When Senate Republicans voted against cutting off debate on any of the three DC Circuit nominees, the Senate Democrats invoked the so-called nuclear option and curtailed the minority’s ability to continue debate on judicial nominations. In this, the Senate Democrats cut off debate on judges like they promised they wouldn’t. Take Senator Reid, who told Meet the Press, “We’re not touching judges” on July 14, and told a press briefing, “We’re not talking about changing the filibuster rules that relates to nominations for judges” on July 11. But that’s exactly what they did on November 21.
Moreover, when some talked about the nuclear option to stop Democrats’ obstruction of Republican judicial nominees in 2005, Senate Democrats spoke in favor of preserving the filibuster. Then-Senator Obama was one of them, urging the Republicans not to make the change “because they can get away with it.” Senator Reid said, “We stand united against” the proposed change.” Senator Jack Reid (D-RI) said, “The Senate cannot become a mere rubberstamp for any President.” “Any President” must not mean Obama.
There’s no good reason to give three more judges lifetime jobs on a court that doesn’t need them. The DC Circuit’s total workload and its workload per judge have declined since 2005. The number of appeals filed in that court has gone down by 13.5% since 2005, from 1,379 in 2005 to 1,193 in 2012. The number of cases per judge, which was 115 in 2005 and is now 108, is the lowest of any of the appellate courts in the country; the average caseload for a federal appellate judge is 344 cases. Finally, while there are now fewer active judges on the DC Circuit than in 2005, the number of case per active judge is about the same, 138 cases per active judge in 2005 and 149 cases today. The DC Circuit has enough judges to handle its work; it doesn’t need more.

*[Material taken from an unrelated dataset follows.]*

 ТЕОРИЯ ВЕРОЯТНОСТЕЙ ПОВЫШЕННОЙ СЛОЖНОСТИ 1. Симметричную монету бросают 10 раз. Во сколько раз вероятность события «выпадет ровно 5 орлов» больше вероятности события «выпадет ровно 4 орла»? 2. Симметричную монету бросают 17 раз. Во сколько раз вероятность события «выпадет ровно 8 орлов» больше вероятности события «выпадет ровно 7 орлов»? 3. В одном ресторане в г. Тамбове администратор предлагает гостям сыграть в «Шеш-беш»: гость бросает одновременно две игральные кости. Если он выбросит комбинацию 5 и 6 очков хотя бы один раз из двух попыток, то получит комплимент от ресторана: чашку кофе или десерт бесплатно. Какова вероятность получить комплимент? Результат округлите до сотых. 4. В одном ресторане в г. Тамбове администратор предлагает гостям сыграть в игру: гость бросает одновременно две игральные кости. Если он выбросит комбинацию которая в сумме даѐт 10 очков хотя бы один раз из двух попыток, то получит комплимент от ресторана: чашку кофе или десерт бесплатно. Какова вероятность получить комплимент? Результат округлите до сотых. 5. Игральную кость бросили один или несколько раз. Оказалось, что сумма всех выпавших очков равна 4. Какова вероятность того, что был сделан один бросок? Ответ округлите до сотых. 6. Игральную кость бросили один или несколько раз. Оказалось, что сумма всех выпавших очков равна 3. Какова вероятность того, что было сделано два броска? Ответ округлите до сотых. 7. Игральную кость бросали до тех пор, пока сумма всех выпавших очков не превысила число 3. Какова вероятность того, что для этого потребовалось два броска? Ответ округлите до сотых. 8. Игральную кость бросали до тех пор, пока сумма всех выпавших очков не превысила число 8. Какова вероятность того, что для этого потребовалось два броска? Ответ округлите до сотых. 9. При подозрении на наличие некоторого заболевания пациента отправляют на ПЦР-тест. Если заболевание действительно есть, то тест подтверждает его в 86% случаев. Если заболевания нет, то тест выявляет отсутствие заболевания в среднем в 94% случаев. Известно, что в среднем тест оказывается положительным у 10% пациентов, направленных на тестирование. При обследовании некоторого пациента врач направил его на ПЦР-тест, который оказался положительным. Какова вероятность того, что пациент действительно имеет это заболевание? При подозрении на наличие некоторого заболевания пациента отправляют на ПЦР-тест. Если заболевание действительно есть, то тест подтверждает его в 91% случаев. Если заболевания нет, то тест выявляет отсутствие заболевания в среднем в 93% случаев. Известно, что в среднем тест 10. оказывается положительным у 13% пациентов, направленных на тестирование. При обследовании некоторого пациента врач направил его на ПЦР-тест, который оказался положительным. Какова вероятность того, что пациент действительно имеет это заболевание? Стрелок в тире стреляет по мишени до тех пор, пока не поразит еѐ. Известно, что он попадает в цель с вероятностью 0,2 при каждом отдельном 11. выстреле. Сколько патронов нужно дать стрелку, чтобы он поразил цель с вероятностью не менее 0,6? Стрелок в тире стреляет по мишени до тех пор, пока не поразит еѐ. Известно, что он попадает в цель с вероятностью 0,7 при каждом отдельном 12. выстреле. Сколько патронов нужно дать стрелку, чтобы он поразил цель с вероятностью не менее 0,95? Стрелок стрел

The better solution for a court with vacancies that doesn’t need more judges to handle its workload is to move the vacancies to courts that need them. Senator Grassley and Representative Tom Cotton have proposed precisely that, moving one seat to each of two far busier federal appellate courts. But, that’s not what the Democrats want.
They want a court that will be a swinging gate for the Obama Administration’s regulatory agenda. The Washington Post points out that the rules change “should make it easier for President Obama to accomplish key second-term priorities, including tougher measures on climate change and financial regulation.” That agenda runs from Obamacare regulations through attempts to muzzle political speech to federal land and water grabs. Rep. Tom Cotton explains, “From the IRS to the EPA to the NLRB, the last thing [we] need is more judges in Washington, D.C. making decisions for our state[s].”

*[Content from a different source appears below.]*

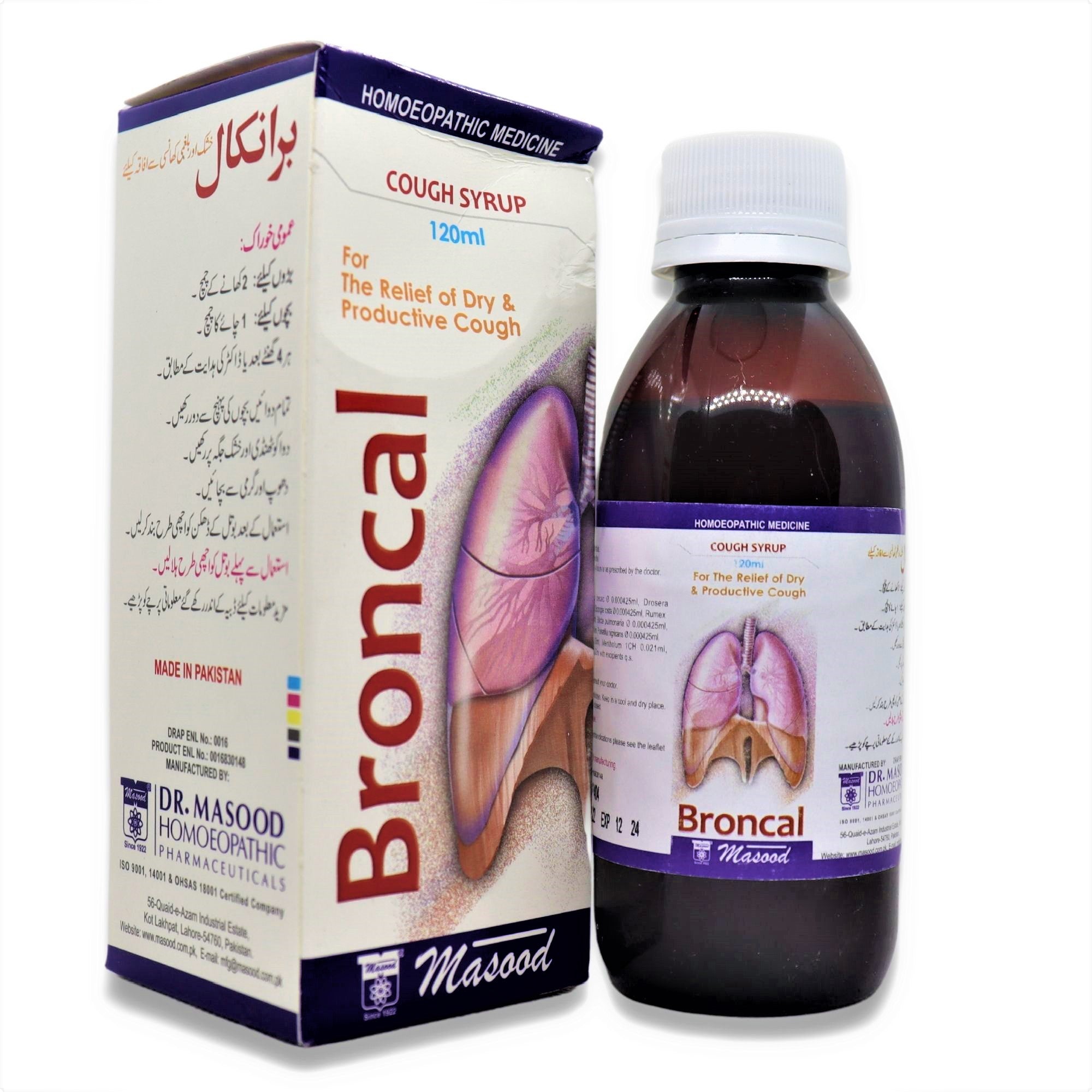 The Broncal cough syrup by Dr. Masood Homeopathic Pharma is an effective remedy for both dry and productive coughs.

The answer is to hold Senate Democrats responsible, not just for their votes on judicial nominees, but also for the implementation of the Obama Administration’s regulatory agenda. Senator Mark Pryor (D-AR) may have voted to preserve the filibuster, but he has voted for each of the DC Circuit nominees and for Justices Sotomayor and Kagan. Senators Mary Landrieu, Kay Hagan, and Mark Begich have likewise voted for each of these nominees. In so doing, they have endorsed future regulatory impositions on the voters they represent.
The voters should hold them responsible.